Un latigazo rojo, el rancio olor a descomposición en sus orificios nasales. El rostro de Kadai apareció instantáneamente ante él, ensangrentado y descarnado, medio derretido por el rayo del cañón de fusión.
Tenía los ojos muertos cerrados, y la destrozada boca apretada como si se la hubieran grapado.
Su voz emanaba desde la oscuridad y asediaba a Dak’ir desde todas partes al mismo tiempo, aunque sus lacerados labios no se habían separado. «Abandonad toda esperanza, aquellos que entráis…»
Entonces los ojos del difunto capitán se abrieron de par en par revelando unas cuencas vacías Su mandíbula también se separó, como si de repente alguien hubiese cortado los músculos que la mantenían cerrada.

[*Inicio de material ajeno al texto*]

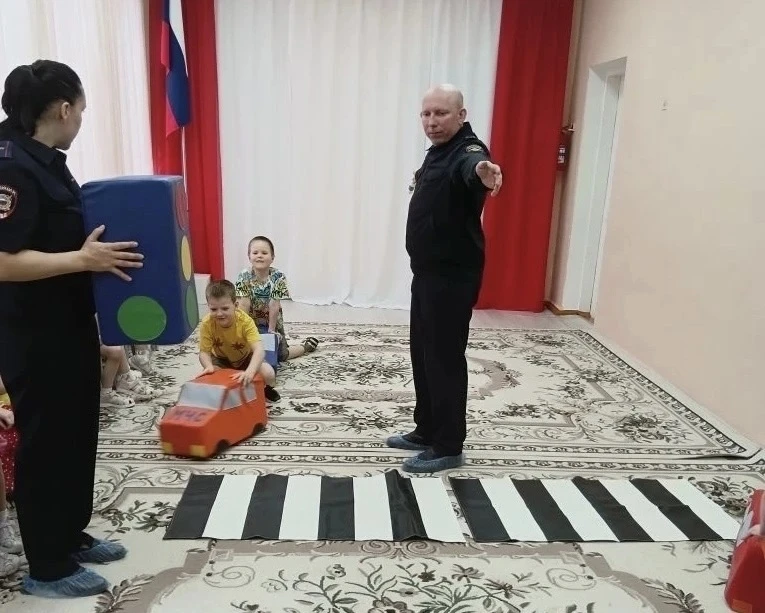 Инспектор по пропаганде по безопасности дорожного движения отделения Госавтоинспекции старший лейтенант полиции Алексей Левин и старший инспектор по делам несовершеннолетних ОМВД России по Аткарскому району майор полиции Наталья Власова с использованием игрового оборудования, провели обучающее занятие для детей.

«¿Por qué me dejaste morir?»
Dak’ir se despertó sobresaltado. Un frío sudor cubría su rostro bajo el duro metal de su casco de batalla. Parpadeando captó fragmentos del espacio que le rodeaba a través de sus lentes ópticas.
Los datos biológicos, transmitidos desde los sistemas internos de su servoarmadura y conectados a su fisiología de marine espacial, se materializaron en la pantalla de su casco. Una granulada resolución carmesí reveló una alta presión sanguínea y una respiración y un ritmo cardíaco acelerados. Una miríada de pantallas de información sobre su estado físico parpadeaban junto a su latido, cuya velocidad ya iba disminuyendo, y su implante ocular las leía todas y las almacenaba en su subconsciente. Iniciando una serie de ejercicios de relajación condicionados por hipnosis para activarse de manera automática e instintiva, Dak’ir obligó a su cuerpo a recuperar el equilibrio. Fue entonces cuando se dio cuenta de dónde se encontraba.
La fría oscuridad de la Cámara Santuarina lo envolvía. Volviendo a escanear los datos de su casco de batalla, accedió a los esquemas de la misión y a las instrucciones codificadas a través de una serie de órdenes subvocales.
Dak’ir se encontraba a bordo de la Dragón de Fuego para un largo reconocimiento en el Cinturón de Hadron. El crucero de asalto Ira de Vulkan los seguía a varias horas de distancia en el abismo del espacio real.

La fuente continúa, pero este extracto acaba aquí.